Reviewed:  https://review.openstack.org/383859
Committed: https://git.openstack.org/cgit/openstack/nova/commit/?id=4aa39c44a4b08ee4e05548d5c258e795089b2bdd
Submitter: Jenkins
Branch:    master

commit 4aa39c44a4b08ee4e05548d5c258e795089b2bdd
Author: Matthew Booth <mbooth@xxxxxxxxxx>
Date:   Fri Oct 7 19:14:38 2016 +0100

    libvirt: Fix races with nfs volume mount/umount
    
    A single nfs export typically contains multiple volumes.
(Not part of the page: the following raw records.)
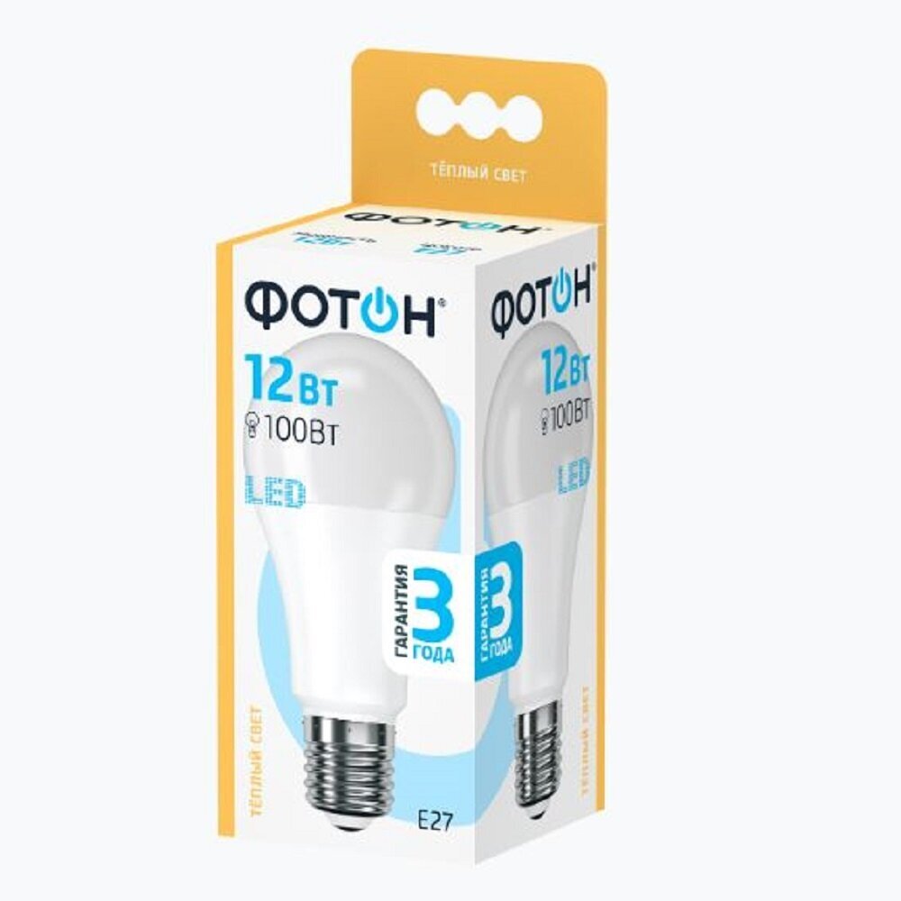 Фотон Лампа светодиодная LED A60 12W E27 3000K 22805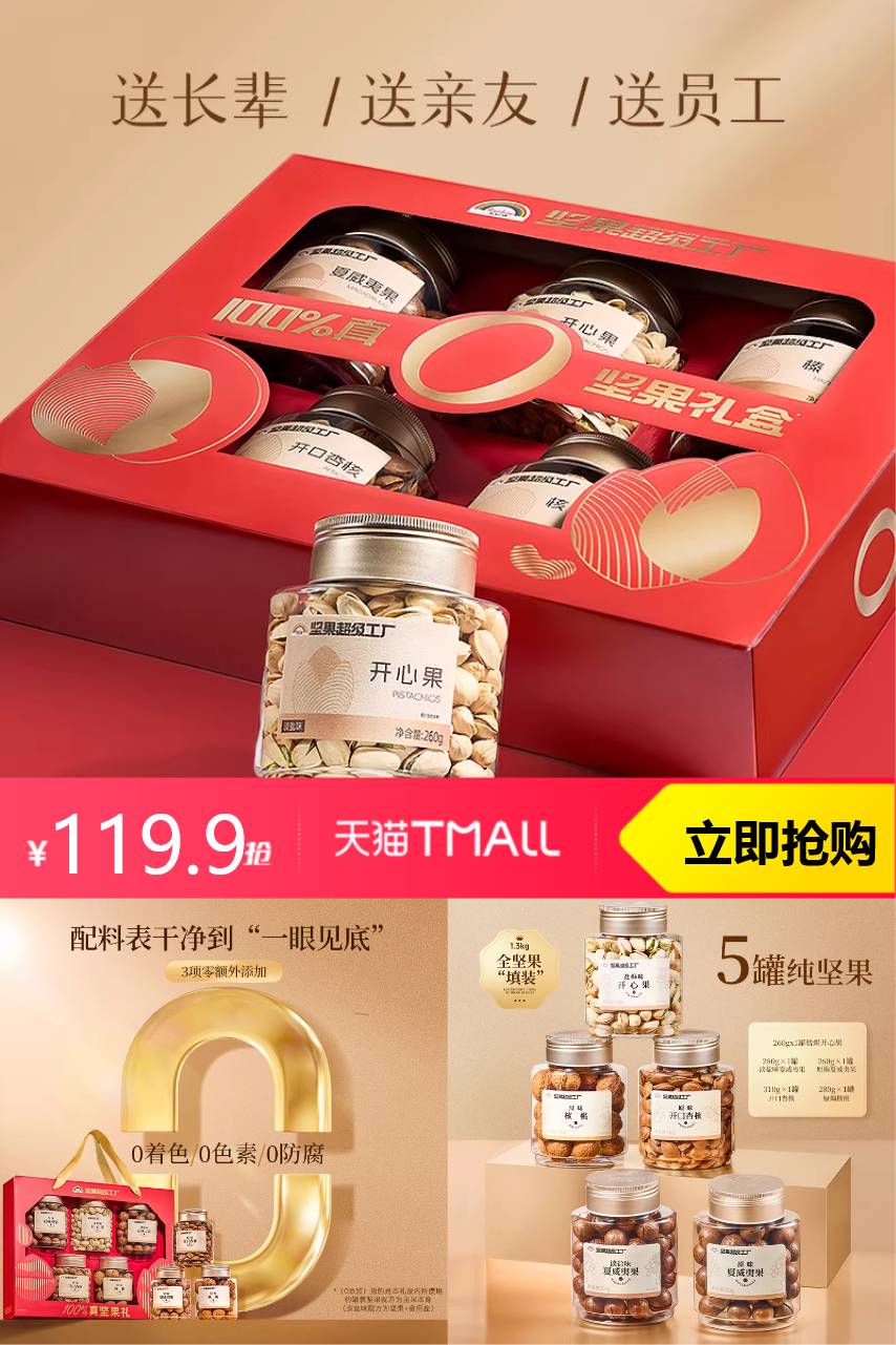 【百补119.9,百补金刚券减11.99,淘金币抵扣2.39,消费券减13.19,到手92.33】天虹牌坚果礼盒,开心果商务体面送礼,超级多的坚果,超级好吃!!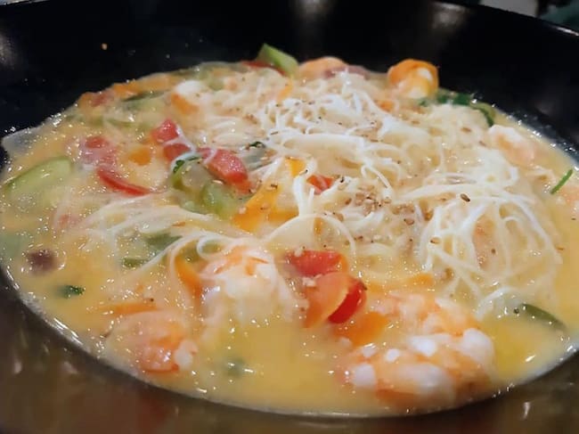 Wok de fideos de arroz con langostinos, verduras y leche de coo / A Boca Llena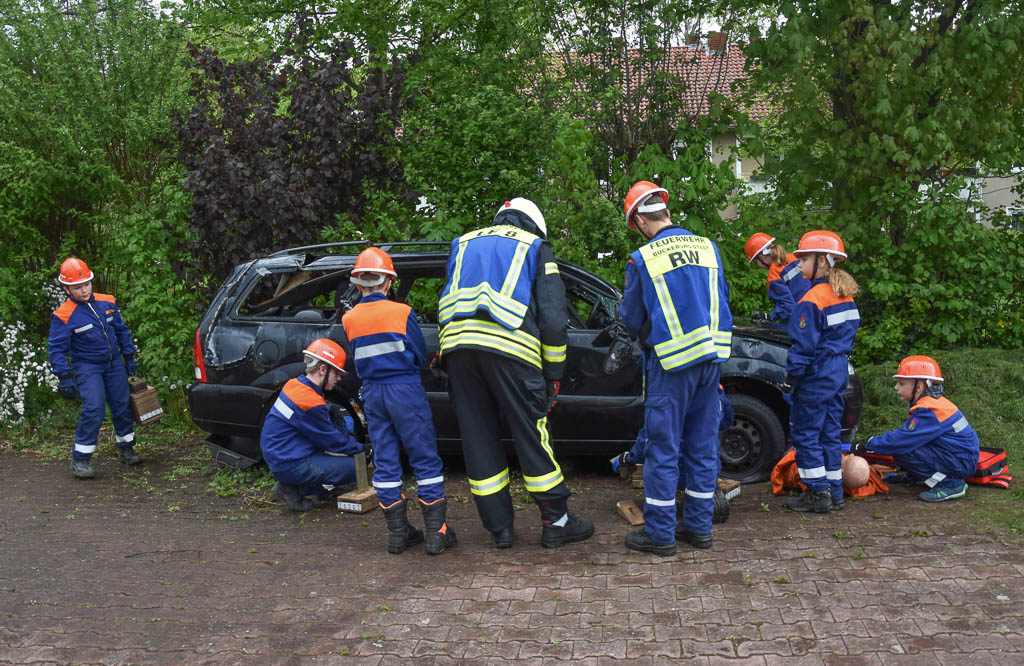 Die gemeinsam selbstgemachten Pizzen am Mittag kamen bei allen gut an, so dass im Anschluss auch der letzte Übungseinsatz – ein gemeldeter PKW-Brand – ohne Probleme abgearbeitet werden konnte. Durch die Besatzung des TLF 3000 wurde das Fahrzeug „abgelöscht“, bei näherer Erkundung konnte eine Übungspuppe unter dem Fahrzeug entdeckt werden, an dieser wurde Erste-Hilfe geleistet und im Anschluss konnte soe mit Hilfe von Unterbauholz und dem Hebekissen aus ihrer misslichen Lage befreit werden.

We were
    handling this in the libvirt driver by:
    
    1. On mount, we 'ensure' the mount is available, so we don't fail if
       another instance already has it mounted.
    
    2. On umount, we trap and ignore 'device is busy' so we don't fail if
       another instance is already using it.
    
    Unfortunately, while this works for serial mounts and unmounts, there
    are multiple failure cases when volumes from the same export are
    mounted and unmounted simultaneously. It causes an error if an
    instance is stopped: as the qemu process is not actively using the
    mountpoint it will not prevent an unmount for another volume on the
    same mountpoint from succeeding. It will not be possible to restart
    the instance, because its mountpoint will not be mounted.
    
    To fix this, we create a singleton manager object, which tracks mounts
    and umount requests per export, and calls the real mount/umount only
    when required. It uses per-export locks to allow concurrency while
    avoiding races. Because we now expect to know the state of the host at
    all times, we no longer need to execute speculative mount/umount
    commands.
    
    As we track attachments (a mapping from volume to instance) rather
    than volumes, we also gracefully support multi-attach.
    
    This change implements this for nfs, but the solution is intended to
    be extended to all LibvirtBaseFileSystemVolumeDrivers.
    
    Closes-Bug: #1421550
    Change-Id: I3155984d76df06371a6c45f633aa448168a96d64


** Changed in: nova
       Status: In Progress => Fix Released

-- 
You received this bug notification because you are a member of Yahoo!
Engineering Team, which is subscribed to OpenStack Compute (nova).
https://bugs.launchpad.net/bugs/1421550

Title:
  Creating VM image fails under the race condition with detaching volume

Status in OpenStack Compute (nova):
  Fix Released

Bug description:
  Environment:
  nova 2014.2.1
  cinder 2014.2.1
  Ubuntu 14.04 LTS
  Cinder volumes whose backend is NFS are used.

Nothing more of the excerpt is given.